In Selig’s Playoffs Only Money Talks

published November 1, 2010

In a short series, anything can happen.

In a short series, Madison Bumgarner and Colby Lewis can pitch better than Cliff Lee and Tim Lincecum; Juan Uribe can bat .133 yet be a hero in consecutive games; Cody Ross can have an OPS of .950 while the Texas trio of Hamilton, Guerrero, and Cruz compiles a .143 average and five RBIs.

In a short series, Don Larsen can pitch the best game ever; Al Weis can hit as many home runs as Frank Robinson, Brooks Robinson, and Boog Powell combined; David Eckstein can stand tall; Roger Clemens can come up short.

So if your World Series prediction is in tatters and your analysis proved faulty (like mine), remember these seven words:

In a short series, anything can happen.

Sure, the low-octane Giants offense can score twenty runs in two games at pitcher-friendly AT&T Park.  Of course we can see two taut, well-pitched affairs in the Rangers’ Arlington bandbox.  It doesn’t have to make sense.  It’s baseball.  It’s a short series.  Things happen, and then we make up reasons.

Which makes it all the more distressing that Bud Selig is talking about expanding the playoffs.
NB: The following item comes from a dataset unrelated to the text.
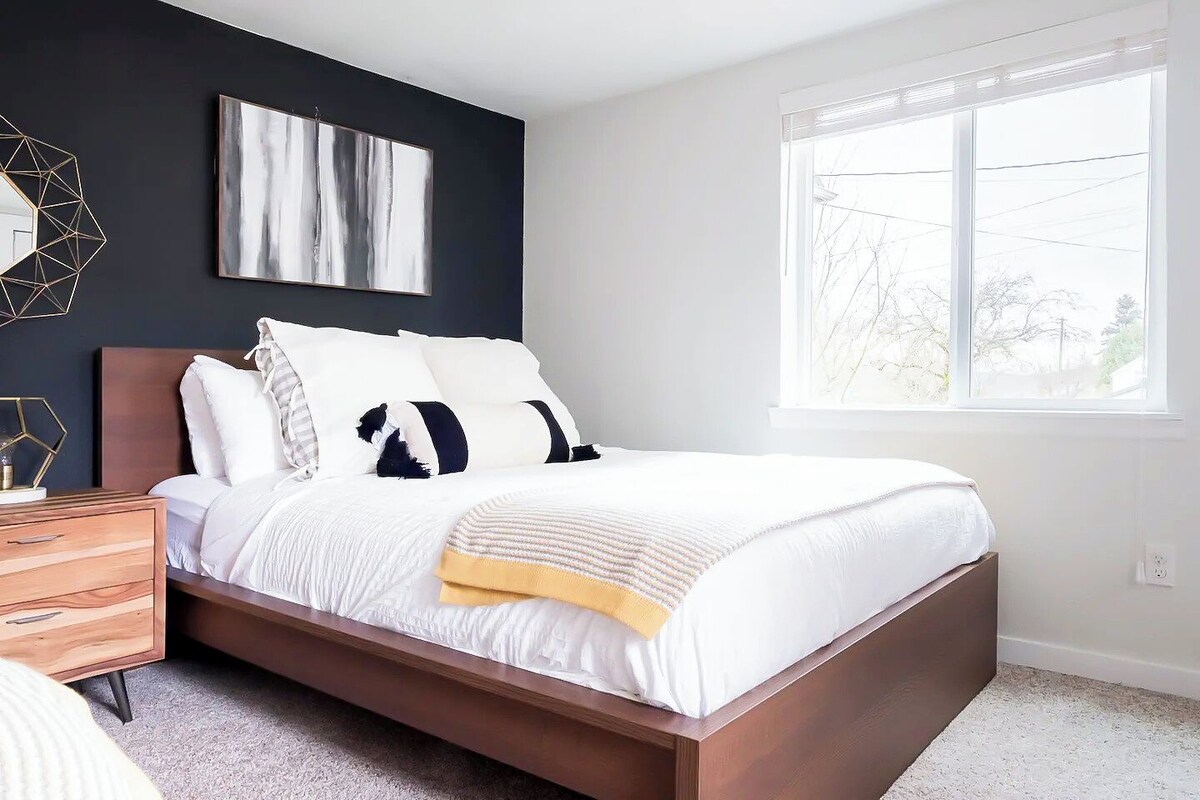 Welcome to your 2,700 sq. ft. Craftsman retreat, just 10 minutes from downtown Seattle and 5 minutes from Capitol Hill, the International District, and Pioneer Square. With nearby shops, cafés, and Judkins Park within walking distance, this home blends urban convenience with cozy charm. Unwind in the fully fenced backyard, where a brick fire pit invites late-night chats and marshmallow roasting. Inside, five plush, hotel-grade queen beds ensure restful sleep for every guest. With stylish furnishings, a gourmet kitchen, and thoughtful amenities, this home is the perfect space for family gatherings, friend trips, or city adventures. Home Highlights: • Spacious & Stylish – 2.5-story Craftsman with chic décor and high-end furnishings • Outdoor Oasis – Fully fenced backyard with brick fire pit • Gourmet Kitchen – Keurig w/K-pods, gourmet teas, cookware, and dining essentials • Dining Area – Live-edge acacia dining table seats 6, plus additional stools • Entertainment – 55” Smart TV with Netflix (no cable) • Comfort & Convenience – Central heating/cooling, washer/dryer, Pack ’n Play (bring your own baby pillows/blankets) • Parking – Two off-street driveway spaces Home Layout: First Floor • Living room • Kitchen & dining area • Full bathroom • Bedroom 1: Queen bed + closet + private full bathroom • Bedroom 2: Queen bed + closet • Bedroom 3: Two queen beds + closet + exterior access (separate thermostat control) • Washer & dryer room Second Floor • Bedroom 4: Queen bed + closet Additional Sleeping: Queen air mattresses available upon request for groups larger than 8 Nearby Attractions: • Judkins Park & Playfield – 5 min walk • Northwest African American Museum – 10 min walk Guest Access: Guests have full access to the entire house and backyard, with complete privacy. Important Notes: • No cooking condiments provided (grocery stores nearby) • Triple-sheet bedding system ensures all linens are freshly cleaned every stay • Base pricing includes 4 guests; $25/night per additional guest • Pets welcome: $150 per stay • Same-day bookings: check-in may be delayed until 6:30 PM if turnover is same-day • Seattle’s greenery means ants/insects may appear during rainy season despite pest control House Rules: • Check-In/Out: 4 PM / 11 AM • Same-Day Bookings: Confirm check-in time with host • No Shoes Indoors • No Smoking inside or within 20 ft of the property • Quiet Hours: After 10 PM • No Parties or Unauthorized Guests • Trash: Place in correct bins (leave inside if unsure, cleaners will handle) • Lost & Found: Items held 2 weeks; $35 handling + shipping for returns • No Mailbox Access – Package delivery at guest discretion Our prices include all fees. No hidden fees.

The postseason is baseball junk food –dramatic, intensified, vivid, satisfying in the short term.  It determines a champion, but it makes different demands than the long season that precedes it.  The bench is not as important; pitching is more so, but depth in pitching isn’t.  You can win a World Series on the strength of two starting pitchers and a closer.  The 1987 Minnesota Twins showed how (Frank Viola, Bert Blyleven, and Jeff Reardon), while the 2001 Arizona Diamondbacks went one step further and won it without bothering with the closer (Randy Johnson, Curt Schilling, and… Byung-Hyun Kim?).

Over the course of 162 games, a team’s strengths emerge and its weaknesses are ruthlessly exposed.  The day-in, day-out nature of the sport lets the breaks even out and puts fluke performances in their place.

The longer the playoffs go, the longer ago the season feels, and the less important the wins and losses that defined it.  Tampa Bay, Minnesota, and Cincinnati had very successful seasons, winning their divisions and winning an average of eleven more games than the year before.  For the Reds, it was their first division title in fifteen years; the Rays were just one win behind their best record ever; the Twins had their second-highest win total of a decade in which they won the AL Central six times.

Their seasons ended three weeks ago; do their fans even remember the accomplishments, or do they feel as defeated as the followers of the Mariners, Orioles, and D-Backs?

So why does Major League Baseball want to put even greater emphasis on the nineteen (or twenty-one, or – please, no – twenty-eight) games a team might play in the postseason, diminishing the value of the 162 that come before it?

There’s only one reason: money.

MLB can sell the postseason on a national level.  For now, at least, there are networks willing to put up billions of dollars for the right to telecast the playoffs in primetime.

The regular season belongs to the individual teams, and the money to be made there is local.  Huge, in the case of teams in the biggest markets, especially those that have their own networks, but local nonetheless.  From the standpoint of the national broadcasters, the regular season is a necessary evil.

For a piece of the postseason, and the hope of big ratings and a promotional vehicle heading into November sweeps, Fox and TBS ponied up $3 billion in a seven-year deal that expires in 2013.

Keep that date in mind as the trial balloons go wafting across the MLB sky.

The current labor agreement expires in 2011.  If Commissioner Selig wants to expand the playoffs, he’ll have to get the union to go along.  And why wouldn’t he?  So what if important games will be played on November nights better suited for snuggling by a fire than controlling a curveball?   The baseball business has never been so profitable.

Once the union acquiesces, the negotiations will start in earnest.  The economy is in a far different state than it was in 2006, the year of the last TV contracts.  But MLB has an option it didn’t have back then, one that will give it considerable leverage: its own cable network, along with the internet presence of MLB.tv.

The regular season is for the most serious fans, but an extra round of playoffs held back from network sale?  That’s must-see MLB.tv.

Never mind that it devalues the season, and that it multiplies the importance of timing and luck.  Forget about the potentially miserable playing conditions, the late starts, the intensified workload for the bullpens in particular.  The economic factors don’t merely trump the sporting ones, they obliterate them.

Selig’s most recent extension as Commissioner takes him through 2012; the shape of the revised postseason and the electronic landscape that will carry it will be determined before that contract runs out.

“By the time I leave,” he declared in 2008, “you won’t recognize the sport.”

I believe him.  And I think he’s a lot happier about it than we’re going to be.